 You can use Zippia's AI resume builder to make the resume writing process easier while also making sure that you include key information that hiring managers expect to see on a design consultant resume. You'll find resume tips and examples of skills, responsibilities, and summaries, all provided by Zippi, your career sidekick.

□ □ □ □ □ □ □

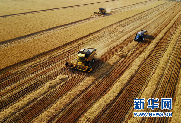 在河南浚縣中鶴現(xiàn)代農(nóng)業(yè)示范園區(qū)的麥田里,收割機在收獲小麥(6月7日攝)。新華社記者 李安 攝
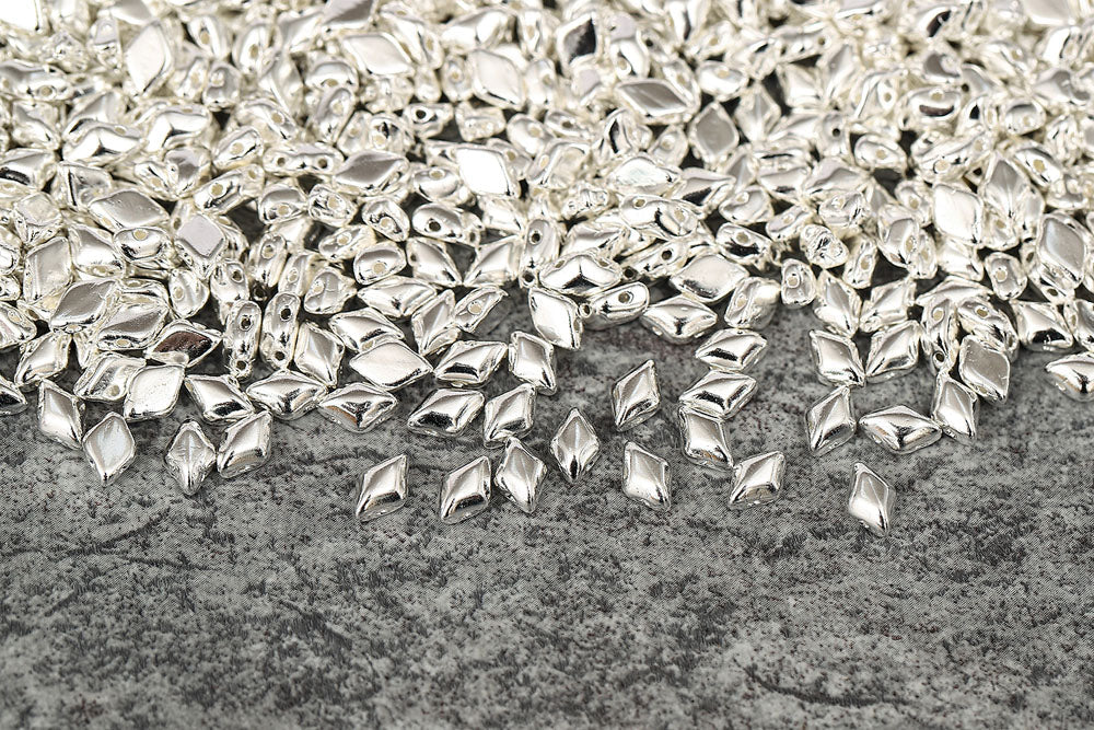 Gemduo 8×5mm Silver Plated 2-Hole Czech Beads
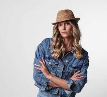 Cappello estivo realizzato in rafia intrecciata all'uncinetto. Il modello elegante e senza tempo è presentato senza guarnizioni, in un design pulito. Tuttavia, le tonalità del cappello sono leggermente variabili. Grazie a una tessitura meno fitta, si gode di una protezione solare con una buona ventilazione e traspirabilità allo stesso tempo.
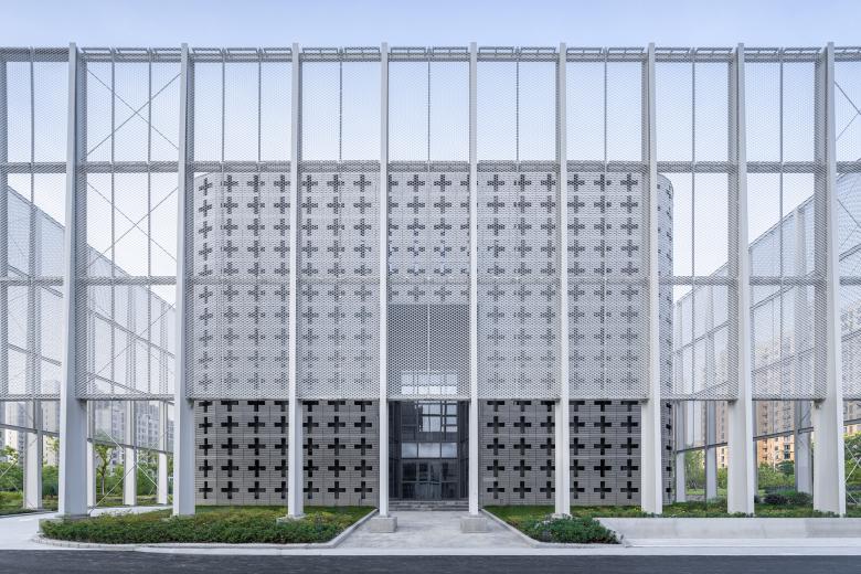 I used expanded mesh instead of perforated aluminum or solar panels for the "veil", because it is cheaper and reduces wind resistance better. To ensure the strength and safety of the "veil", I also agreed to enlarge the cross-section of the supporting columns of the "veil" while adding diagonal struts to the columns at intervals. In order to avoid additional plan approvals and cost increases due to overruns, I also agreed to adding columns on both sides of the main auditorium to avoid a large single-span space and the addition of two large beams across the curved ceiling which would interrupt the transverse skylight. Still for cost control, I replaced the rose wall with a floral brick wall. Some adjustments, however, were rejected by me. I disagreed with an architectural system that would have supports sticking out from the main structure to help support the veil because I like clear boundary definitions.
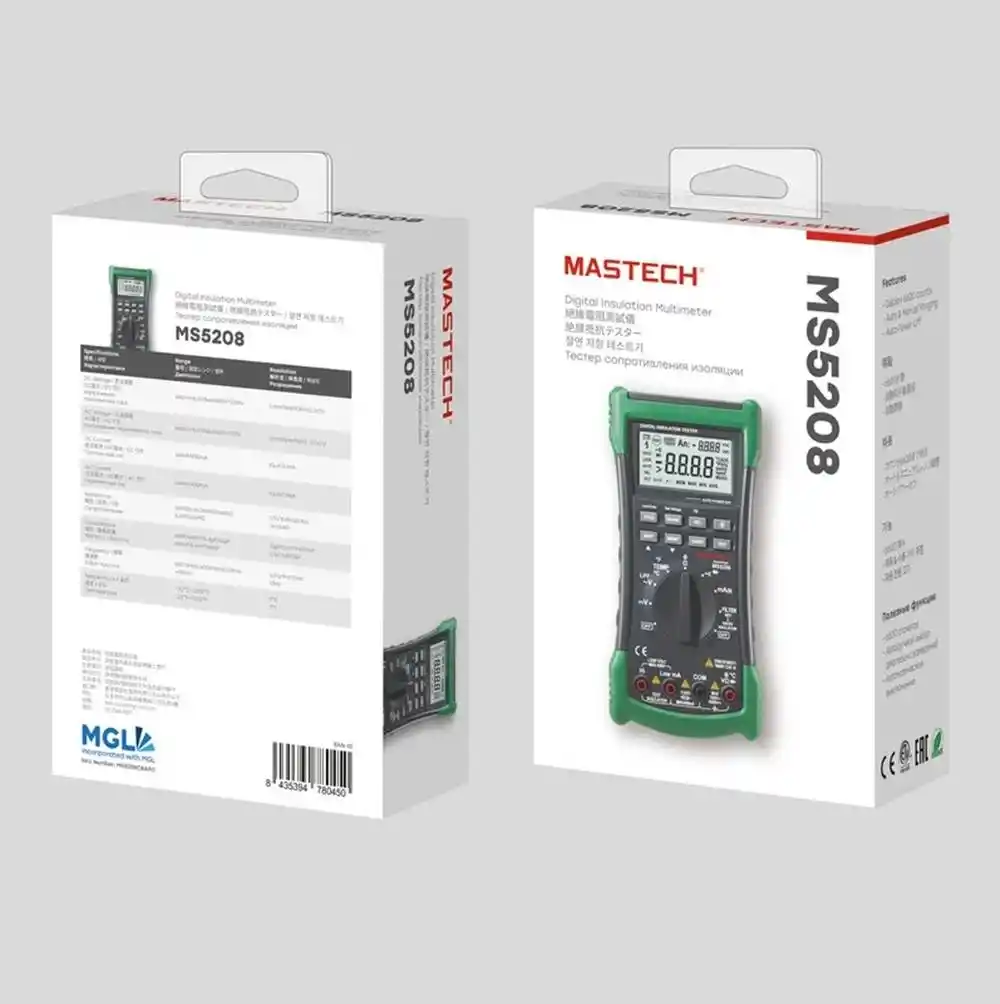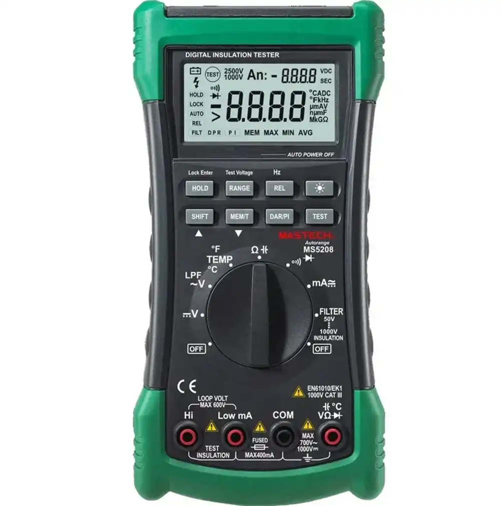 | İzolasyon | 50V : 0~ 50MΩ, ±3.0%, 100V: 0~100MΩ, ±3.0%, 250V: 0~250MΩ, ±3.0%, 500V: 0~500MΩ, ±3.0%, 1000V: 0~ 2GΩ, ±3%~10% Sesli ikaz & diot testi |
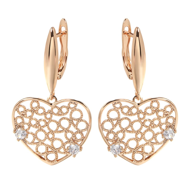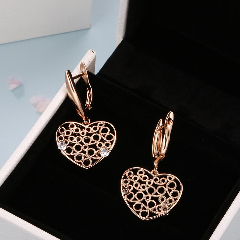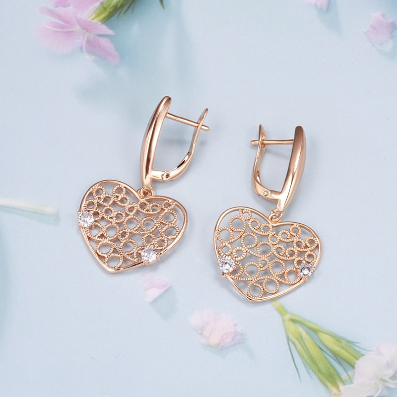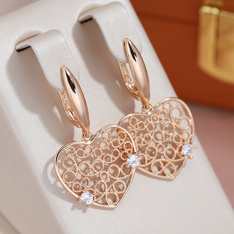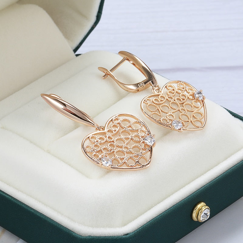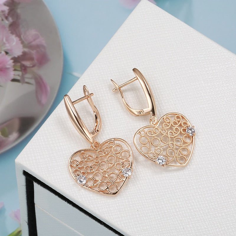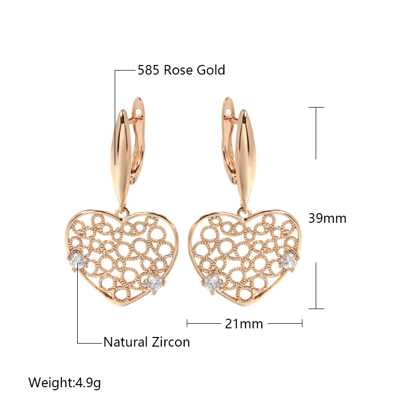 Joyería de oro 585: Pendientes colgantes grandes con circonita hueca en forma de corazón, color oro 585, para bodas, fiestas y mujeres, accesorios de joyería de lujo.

□ □ □ □ □ □ □

**Exercise details:** For this task, return exactly the stretch of the listing above from the line with "diot testi |" through the line with "Joyería de oro", inclusive and without pictures.

**Answer to the exercise:**
 | İzolasyon | 50V : 0~ 50MΩ, ±3.0%, 100V: 0~100MΩ, ±3.0%, 250V: 0~250MΩ, ±3.0%, 500V: 0~500MΩ, ±3.0%, 1000V: 0~ 2GΩ, ±3%~10% Sesli ikaz & diot testi |
 Joyería de oro 585: Pendientes colgantes grandes con circonita hueca en forma de corazón, color oro 585, para bodas, fiestas y mujeres, accesorios de joyería de lujo.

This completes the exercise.